As I have always said, what service people choose to use is completely up to them. However, other free services offer limited options, and this is because many of the features which set RTrack apart cost substantially more than the ones that free services provide. New features are constantly being introduced, most of which cost money, and Membership fees are channelled directly back into the service.
Despite putting over 600 hours into it, I haven’t earnt anything from this project, and am in fact losing money every day from RTrack. Membership plans aren’t just there to put money in my pocket. Put simply, the more people subscribe to membership plans, the more confident I can be when investing more time and money into new features for this project.
The service is monitoring over 5 Million games, significantly more frequently, while every other tracking service (even paid) only tracks games manually submitted by it’s users.

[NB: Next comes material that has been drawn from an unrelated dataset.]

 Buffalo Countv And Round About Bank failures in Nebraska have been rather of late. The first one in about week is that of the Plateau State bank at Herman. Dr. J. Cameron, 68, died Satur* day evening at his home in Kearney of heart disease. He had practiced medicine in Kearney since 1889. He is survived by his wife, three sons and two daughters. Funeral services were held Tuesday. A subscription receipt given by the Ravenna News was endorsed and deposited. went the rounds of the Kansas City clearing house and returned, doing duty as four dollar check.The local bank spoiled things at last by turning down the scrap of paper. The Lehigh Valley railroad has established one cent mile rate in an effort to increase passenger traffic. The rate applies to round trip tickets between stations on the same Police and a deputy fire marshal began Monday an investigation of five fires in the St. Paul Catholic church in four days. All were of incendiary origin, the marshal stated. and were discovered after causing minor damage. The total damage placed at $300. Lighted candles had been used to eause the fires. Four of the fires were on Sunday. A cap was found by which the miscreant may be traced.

It was the second ever publicly available Roblox game tracking service, so holds data going back more than 6 Months on millions of games which most other options aren’t even tracking yet. Storing and indexing this volume of data doesn’t come cheap.

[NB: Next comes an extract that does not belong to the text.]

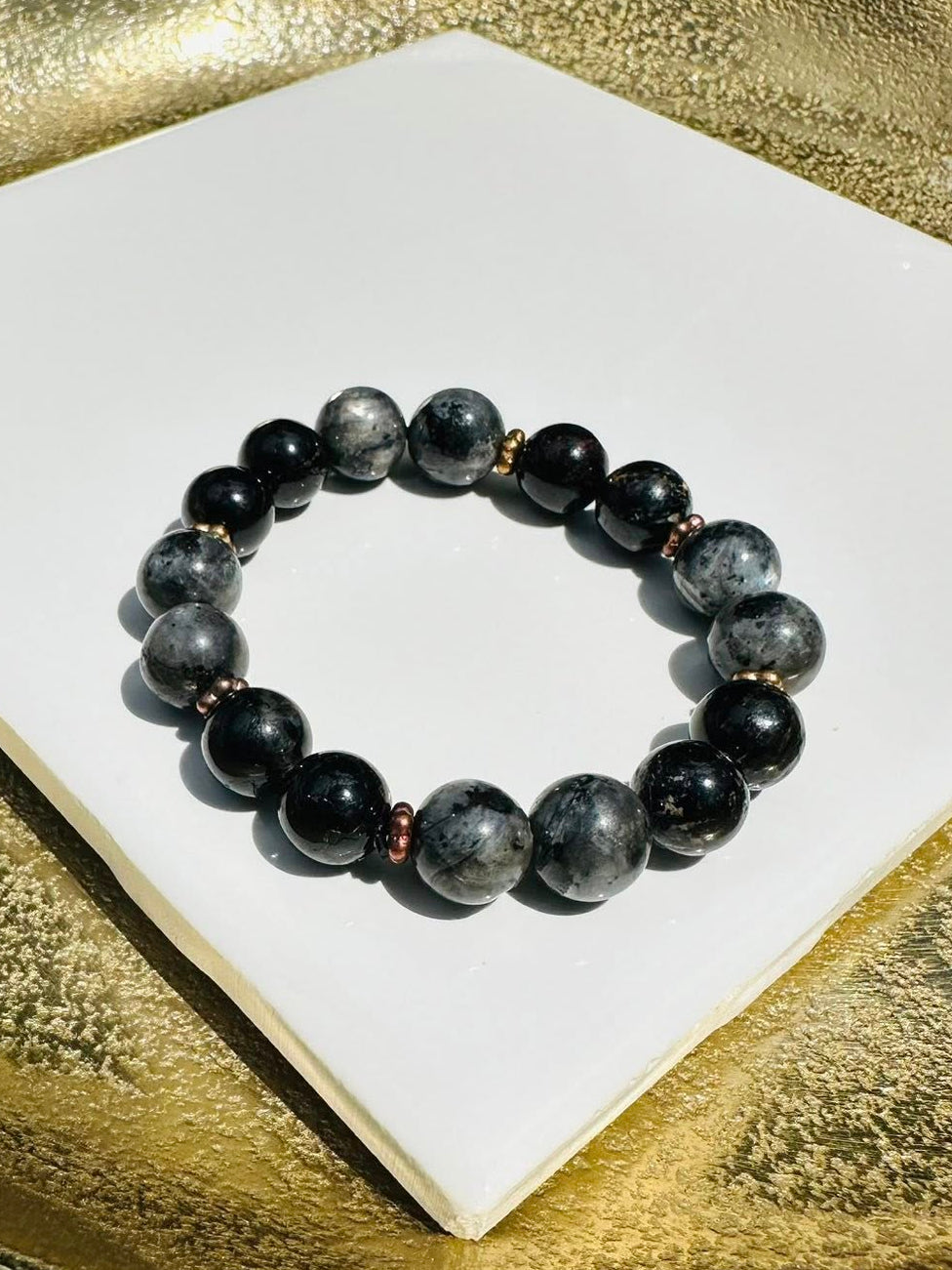 Add Natural Black Tourmaline & Natural Larvikite AKA Black Labradorite 10mm with bronze small flowers spacers to the cart

RTrack Trends analyses the descriptions & titles of 2,500 games over a 6 month time period to help developers identify and track trends.
RTrack Compare allows developers to compare up to 10 games on many different aspects, over a 6 month period.
RTrack Social scans millions of games daily for signs of botting, and uses historical data to assign an informed rating to each game.
Every single banner, skyscraper and box ad published on Roblox is tracked and analysed.
Every single sponsorship run on desktop is tracked (and this data will soon be available on the site).
I regularly release articles on platform wide MAU, and player count records – these are things no other tracking service provides.
RTrack’s new player insight feature tracks over 300,000 user accounts and currently stores data on about 24 Million individual play sessions. This works through the status API, and requests for this have to be sent through a proxy network due to rate limiting.
I’ve put aside work on game development to be able to work on RTrack full time. I can’t do that unless there’s potential for RTrack to help pay my bills.